News

A message from Lashawn Richburg-Hayes, vice president of Insight Policy Research and president-elect of SREE, to SREE community members

June 9, 2020 by Daven Ralston

It is with a heavy heart and frayed nerves that I write this message. As we continue to figure out how to manage the uncertainty of the pandemic, many of us are also managing additional rage, heartbreak, and frustration with another death of a Black man. As a Black woman—married to a Black man and a mother of two young Black men—my lived experience is one of fear and worry. I live with a constant concern that my husband may be pulled over and a simple traffic stop can turn into a tragedy or that my son will bike through the “wrong” neighborhood with life threatening consequences. At the same time, I bristle at suggestions that I should monitor my sons more closely and not let them venture far. I don’t feel that they should be held accountable for a system that has relegated people of a certain skin color to be lesser and therefore treated as less than human.
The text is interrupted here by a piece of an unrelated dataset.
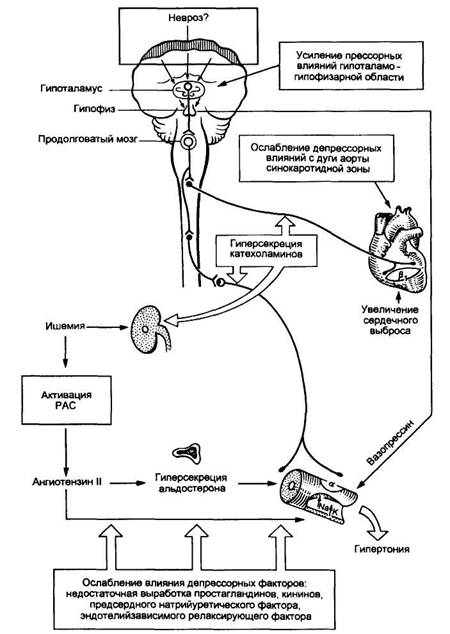 Рис. 3. Схематическое изображение патогенеза гипертонической болезни.

I truly believe that we are at a critical point in our history where we can make an inflection point that turns this trend around. I believe that we can each use this opportunity to learn more about the contributors to inequities, name institutional structures that support them, and identify solutions that disrupt the status quo that fosters inequality. To become students again, learning to recognize the microaggressions (and macroaggressions) that people of color face and confront them. I believe that we have an opportunity to further open the dialogue about race, racism, and the cost of privilege.
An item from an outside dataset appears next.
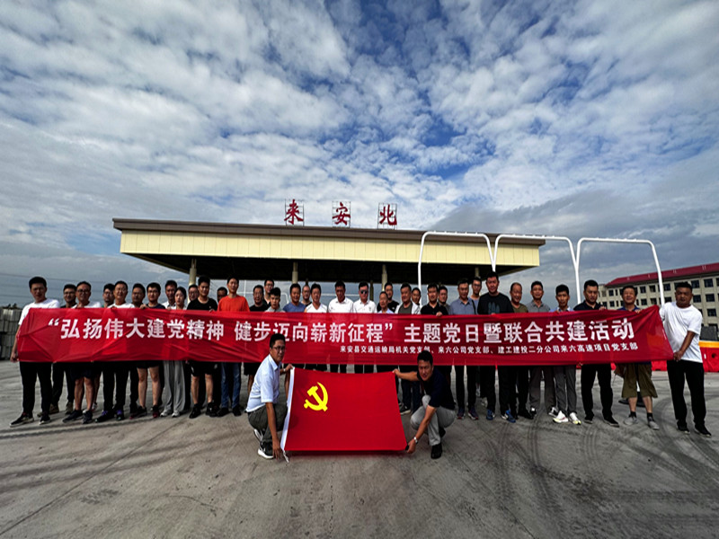 7月30日,來六公司黨支部聯(lián)合來安縣交通運(yùn)輸局機(jī)關(guān)黨支部、安徽建工建設(shè)投資集團(tuán)二分公司來六高速項(xiàng)目黨支部成功舉辦了“弘揚(yáng)偉大建黨精神 聯(lián)建秀出新風(fēng)采”主題黨日暨聯(lián)合共建活動(dòng)。

As researchers, we have the opportunity to reflect on how we can further add nuance to our work through mixed methods that seek to identify and codify context from multiple perspectives; through identifying policies that are either racialized or have racial implications; and to think deeply about recommendations and next steps that move toward joint solutions (rather than ones that act upon communities of color without their input). We have the opportunity to work with our colleagues on these difficult topics and to engage with our Researchers of Color (ROC) group at SREE on ways that our professions can change and further dismantle the structures that foster separation, distrust, and differential opportunity. Together, as a research community, we can use this period to further reflect on moving educational effectiveness beyond methodology to practical and equitable application.